The scripts to generate training data for our vanilla `TaBERT(K=1)` and vertical attention
`TaBERT(k=3)` models are `utils/generate_vanilla_tabert_training_data.py` and 
`utils/generate_vertical_tabert_training_data.py`. They are heavily optimized for generating 
data in parallel in a distributed compute environment, but could still be used locally. 
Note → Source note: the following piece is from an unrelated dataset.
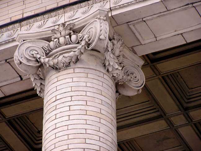 2003 photo. What is unusual is that the tall circular columns, instead of being made of stone, are constructed of light-colored brick that has been formed in curvilinear shapes. Laurel leaves draped on Ionic capital

The following script assumes you have concatenated
the `.jsonl` files obtained from running the data extraction scripts on Wikipedia and CommonCrawl
corpora and saved to `data/preprocessed_data/tables.jsonl`

```shell script
cd data/preprocessed_data
cat common_crawl.preprocessed.jsonl wiki_tables.jsonl > tables.jsonl
```

The following script generates training data for a vanilla `TaBERT(K=1)` model:
```shell script
output_dir=data/train_data/vanilla_tabert
mkdir -p ${output_dir}

python -m utils.generate_vanilla_tabert_training_data \
    --output_dir ${output_dir} \
    --train_corpus data/preprocessed_data/tables.jsonl \
    --base_model_name bert-base-uncased \
    --do_lower_case \
    --epochs_to_generate 15 \
    --max_context_len 128 \
    --table_mask_strategy column \
    --context_sample_strategy concate_and_enumerate \
    --masked_column_prob 0.2 \
    --masked_context_prob 0.15 \
    --max_predictions_per_seq 200 \
    --cell_input_template 'column|type|value' \
    --column_delimiter "[SEP]"
```

The following script generates training data for a `TaBERT(K=3)` model with 
vertical self-attention:
```shell script
output_dir=data/train_data/vertical_tabert
mkdir -p ${output_dir}

python -m utils.generate_vertical_tabert_training_data \
    --output_dir ${output_dir} \
    --train_corpus data/preprocessed_data/tables.jsonl \
    --base_model_name bert-base-uncased \
    --do_lower_case \
    --epochs_to_generate 15 \
    --max_context_len 128 \
    --table_mask_strategy column \
    --context_sample_strategy concate_and_enumerate \
    --masked_column_prob 0.2 \
    --masked_context_prob 0.15 \
    --max_predictions_per_seq 200 \
    --cell_input_template 'column|type|value' \
    --column_delimiter "[SEP]"
```

**Parallel Data Generation** The script has two additional arguments, `--global_rank` and 
`--world_size`. To generate training data in parallel using `N` processes, just fire up 
`N` processes with the same set of arguments and `--world_size=N`. The argument `--global_rank` 
is set to `[1, 2, ..., N]` for each process.

## Model Training
Our models are trained on a cluster of 32GB Tesla V100 GPUs. The following script demonstrates 
training a vanilla `TaBERT(k=1)` model using a single GPU with gradient accumulation:
```shell script
mkdir -p data/runs/vanilla_tabert

python train.py \
    --task vanilla \
    --data-dir data/train_data/vanilla_tabert \
    --output-dir data/runs/vanilla_tabert \
    --table-bert-extra-config '{}' \
    --train-batch-size 8 \
    --gradient-accumulation-steps 32 \
    --learning-rate 2e-5 \
    --max-epoch 10 \
    --adam-eps 1e-08 \
    --weight-decay 0.0 \
    --fp16 \
    --clip-norm 1.0 \
    --empty-cache-freq 128
```

The following script shows training a `TaBERT(k=3)` model with vertical self-attention:
```shell script
mkdir -p data/runs/vertical_tabert

python train.py \
    --task vertical_attention \
    --data-dir data/train_data/vertical_tabert \
    --output-dir data/runs/vertical_tabert \
    --table-bert-extra-config '{"base_model_name": "bert-base-uncased", "num_vertical_attention_heads": 6, "num_vertical_layers": 3, "predict_cell_tokens": true}' \
    --train-batch-size 8 \
    --gradient-accumulation-steps 64 \
    --learning-rate 4e-5 \
    --max-epoch 10 \
    --adam-eps 1e-08 \
    --weight-decay 0.01 \
    --fp16 \
    --clip-norm 1.0 \
    --empty-cache-freq 128
```

Distributed training with multiple GPUs is similar to [XLM](https://github.com/facebookresearch/XLM).

## Reference

If you plan to use `TaBERT` in your project, please consider citing [our paper](https://arxiv.org/abs/2005.08314):
```
@inproceedings{yin20acl,
    title = {Ta{BERT}: Pretraining for Joint Understanding of Textual and Tabular Data},
    author = {Pengcheng Yin and Graham Neubig and Wen-tau Yih and Sebastian Riedel},
    booktitle = {Annual Conference of the Association for Computational Linguistics (ACL)},
    month = {July},
    year = {2020}
}
```

## License

TaBERT is CC-BY-NC 4.0 licensed as of now.